PROPERTY DIGEST

K Wah International reports 2016 underlying profit up 113pc, lifted by robust sales

PUBLISHED : Tuesday, 21 March, 2017, 4:45pm
UPDATED : Tuesday, 21 March, 2017, 4:49pm

K Wah International Holdings reported 2016 underlying profit jumped 113 per cent to HK$2.8 billion (US$360.53 million), lifted by robust property sales in Hong Kong and the mainland.

The mid-sized developer said profit attributable to equity holders rose to HK$3.18 billion, compared to HK$1.37 billion a year earlier, according to a filing to the Hong Kong stock exchange on Tuesday.

Mainly driven by sales of Grand Summit in Shanghai, J Wings and J Metropolis in Guangzhou, Silver Cove in Dongguan, Twin Peaks in Hong Kong, as well as the rental income of the Shanghai K Wah Centre, the developer saw its revenue rise to HK$9.6 billion compared to HK$4.7 billion in 2015.

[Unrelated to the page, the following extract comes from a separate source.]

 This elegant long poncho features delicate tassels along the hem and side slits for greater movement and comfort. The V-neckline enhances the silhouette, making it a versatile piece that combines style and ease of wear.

The gains came as Hong Kong, the least affordable city in the world, saw record home prices against a backdrop of a slowing economy and dwindling mainland tourist visits.

“Hong Kong’s property market has seen a roller coster year in 2016,” said Lui Che-woo, chairman of K Wah. “Although the government rolled out new cooling measures for the sector, strong demand from home buyers has supported the sector to maintain stable growth.”

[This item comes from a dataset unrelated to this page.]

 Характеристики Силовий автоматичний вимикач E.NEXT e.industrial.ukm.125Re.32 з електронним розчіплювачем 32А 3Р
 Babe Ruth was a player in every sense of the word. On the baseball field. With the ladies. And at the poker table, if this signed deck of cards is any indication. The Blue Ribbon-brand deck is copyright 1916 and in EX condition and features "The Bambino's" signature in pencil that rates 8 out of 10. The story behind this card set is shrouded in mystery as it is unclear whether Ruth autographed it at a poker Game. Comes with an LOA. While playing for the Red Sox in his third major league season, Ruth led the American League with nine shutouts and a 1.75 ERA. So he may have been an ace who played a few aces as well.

Low interest rates, smaller units rolled out by developers, as well as strong interest among mainland Chinese property investors have propelled the property market despite a raft of cooling measures, which includes an expansion of stamp duties for property transactions for the first time in three years in November.

Hong Kong raises stamp duty to tame surging home prices in the world’s least affordable city

K Wah said attributable contracted sales of the group amounted to HK$13 billion in 2016, with HK$6.7 billion expected to be recognised in 2017 and 2018, helped by robust sales of joint projects in Hong Kong, Shanghai, Nanjing, Dongguan and Guangzhou.

Earnings per share amounted to HK$1.07. The company declared a full year dividend per share of 18 HK cents.

The developer said it was planning to offer additional housing units in 2017, as it has been buying new lands at record prices both in Hong Kong and mainland.

K Wah beat out 15 mainland and Hong Kong developers in December by paying HK$ 5.9 billion for a residential site at the Kai Tak area in eastern Kowloon.

K Wah said it was confident on the property market outlook with prices to remain stable in 2017.

“The overall residential market price however seems unaffected and remains on the upward trend commenced in March 2016,” the company said in the filing.

K Wah’s shares were up 1 per cent to HK$4.99 in afternoon trading in Hong Kong following the midday results announcement.